[Recorded information]:
****************
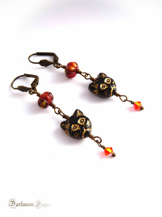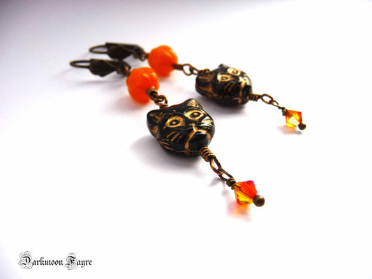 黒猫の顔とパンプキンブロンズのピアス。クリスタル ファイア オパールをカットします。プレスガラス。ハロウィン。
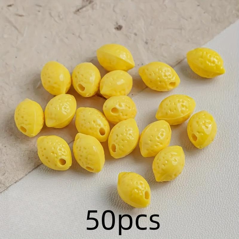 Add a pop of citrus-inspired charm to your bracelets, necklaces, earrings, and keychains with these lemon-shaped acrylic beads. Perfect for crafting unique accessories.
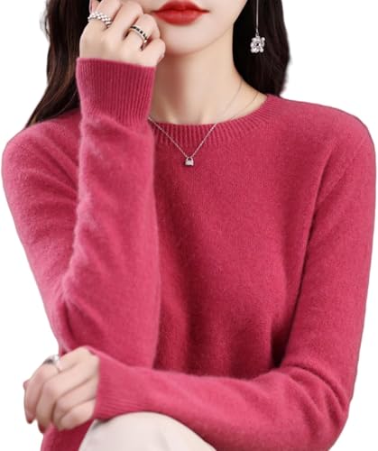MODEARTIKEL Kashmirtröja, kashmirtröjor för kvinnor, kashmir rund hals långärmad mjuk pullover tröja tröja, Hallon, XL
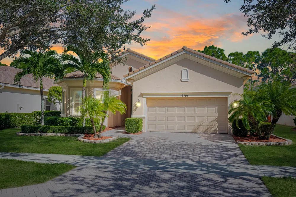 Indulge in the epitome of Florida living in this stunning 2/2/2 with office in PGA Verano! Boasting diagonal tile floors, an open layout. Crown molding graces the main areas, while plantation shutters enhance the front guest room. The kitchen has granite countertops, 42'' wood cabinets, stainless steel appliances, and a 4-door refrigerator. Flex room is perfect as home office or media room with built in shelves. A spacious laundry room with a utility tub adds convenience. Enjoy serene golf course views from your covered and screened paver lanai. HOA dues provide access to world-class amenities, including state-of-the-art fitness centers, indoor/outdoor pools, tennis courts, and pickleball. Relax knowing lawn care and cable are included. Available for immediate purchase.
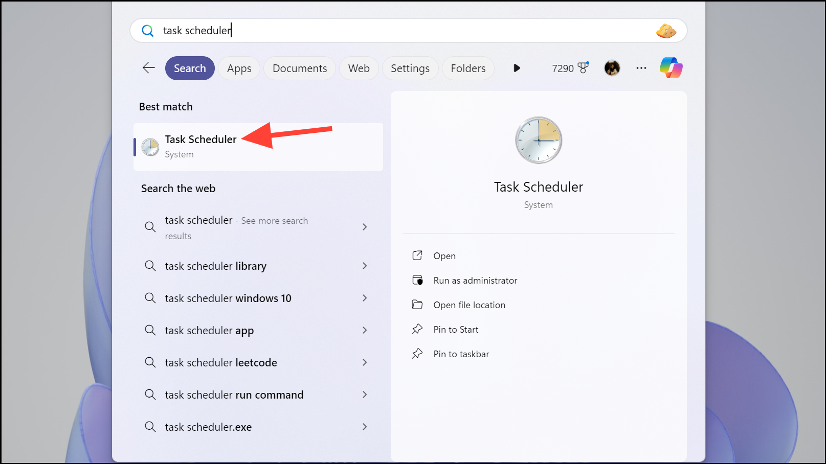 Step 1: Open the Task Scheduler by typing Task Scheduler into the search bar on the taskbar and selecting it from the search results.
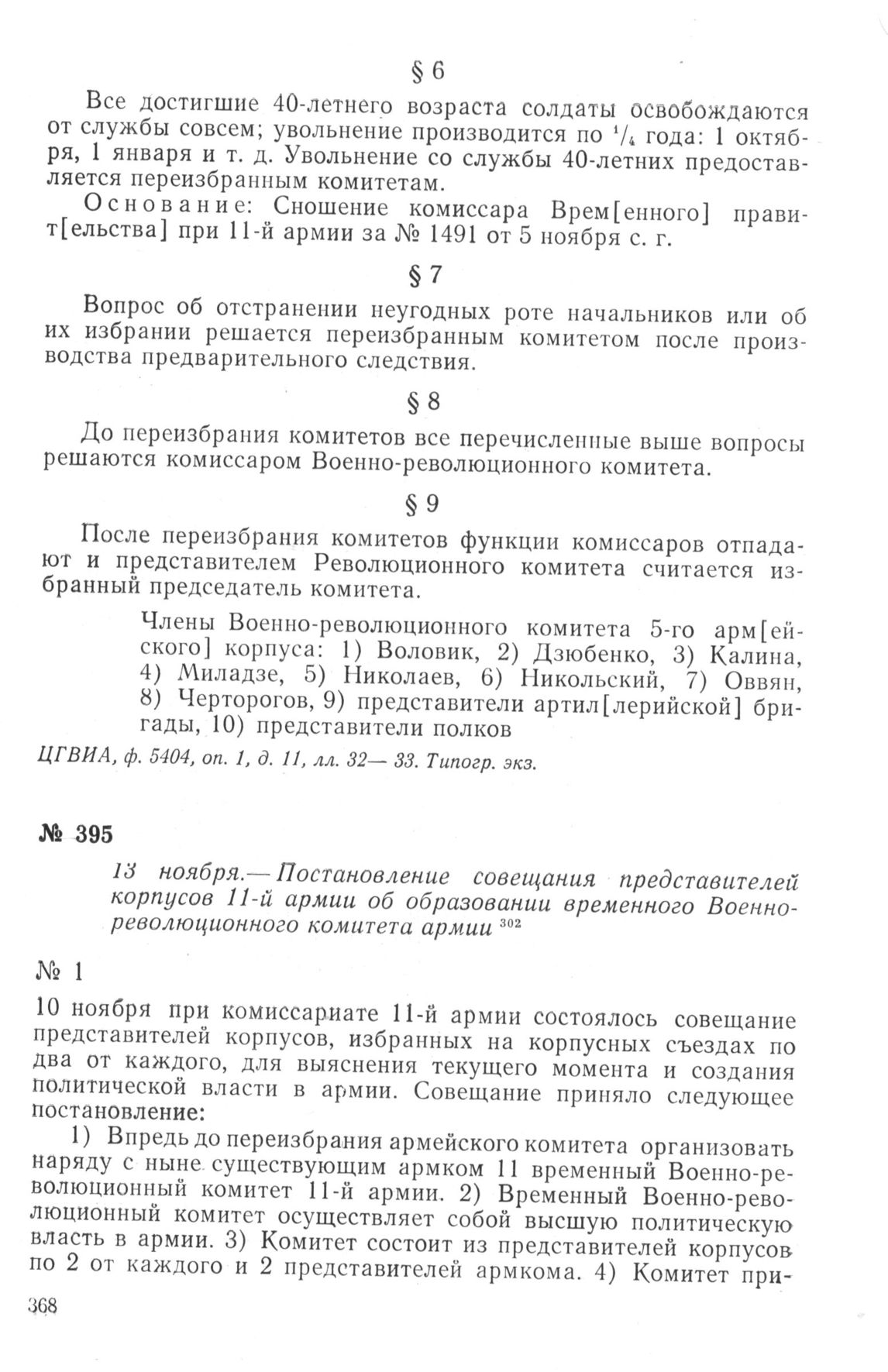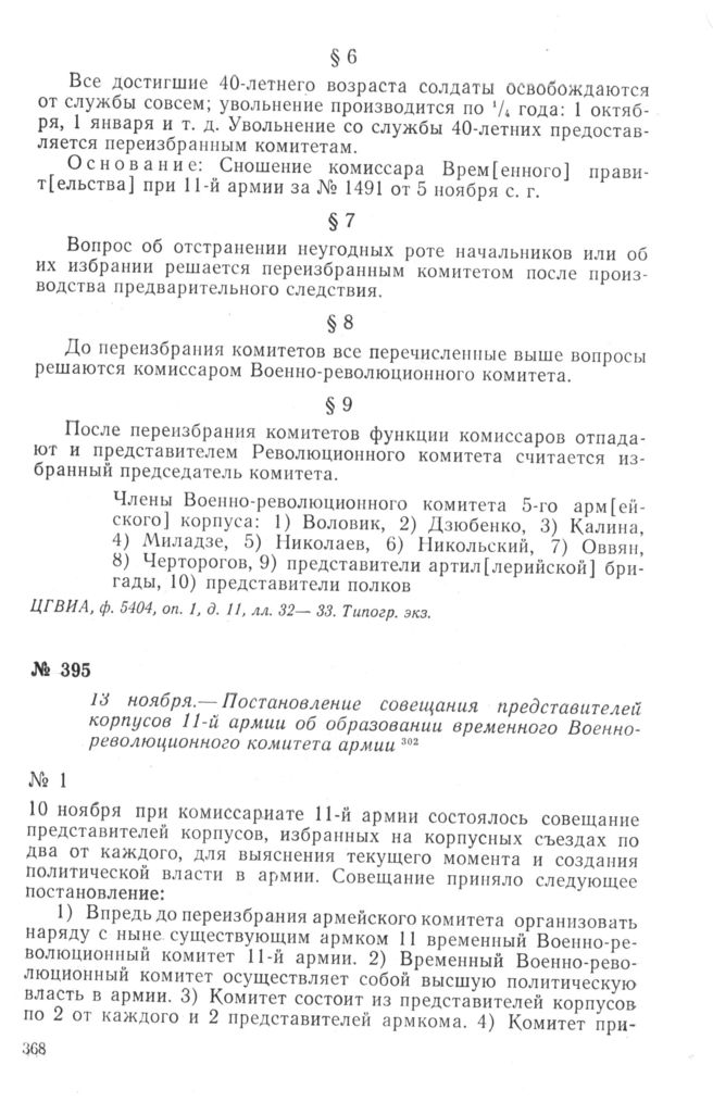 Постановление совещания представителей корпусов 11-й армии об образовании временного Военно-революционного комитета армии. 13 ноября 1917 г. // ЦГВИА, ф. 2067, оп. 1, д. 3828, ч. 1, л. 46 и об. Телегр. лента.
****************
[What this task involves]:
Please reproduce, word for word, only the lines from the line that holds "MODEARTIKEL Kashmirtröja, kashmirtröjor" through the final line of the entries above, omitting any pictures.

[Answer to this task]:
MODEARTIKEL Kashmirtröja, kashmirtröjor för kvinnor, kashmir rund hals långärmad mjuk pullover tröja tröja, Hallon, XL
 Indulge in the epitome of Florida living in this stunning 2/2/2 with office in PGA Verano! Boasting diagonal tile floors, an open layout. Crown molding graces the main areas, while plantation shutters enhance the front guest room. The kitchen has granite countertops, 42'' wood cabinets, stainless steel appliances, and a 4-door refrigerator. Flex room is perfect as home office or media room with built in shelves. A spacious laundry room with a utility tub adds convenience. Enjoy serene golf course views from your covered and screened paver lanai. HOA dues provide access to world-class amenities, including state-of-the-art fitness centers, indoor/outdoor pools, tennis courts, and pickleball. Relax knowing lawn care and cable are included. Available for immediate purchase.
 Step 1: Open the Task Scheduler by typing Task Scheduler into the search bar on the taskbar and selecting it from the search results.
 Постановление совещания представителей корпусов 11-й армии об образовании временного Военно-революционного комитета армии. 13 ноября 1917 г. // ЦГВИА, ф. 2067, оп. 1, д. 3828, ч. 1, л. 46 и об. Телегр. лента.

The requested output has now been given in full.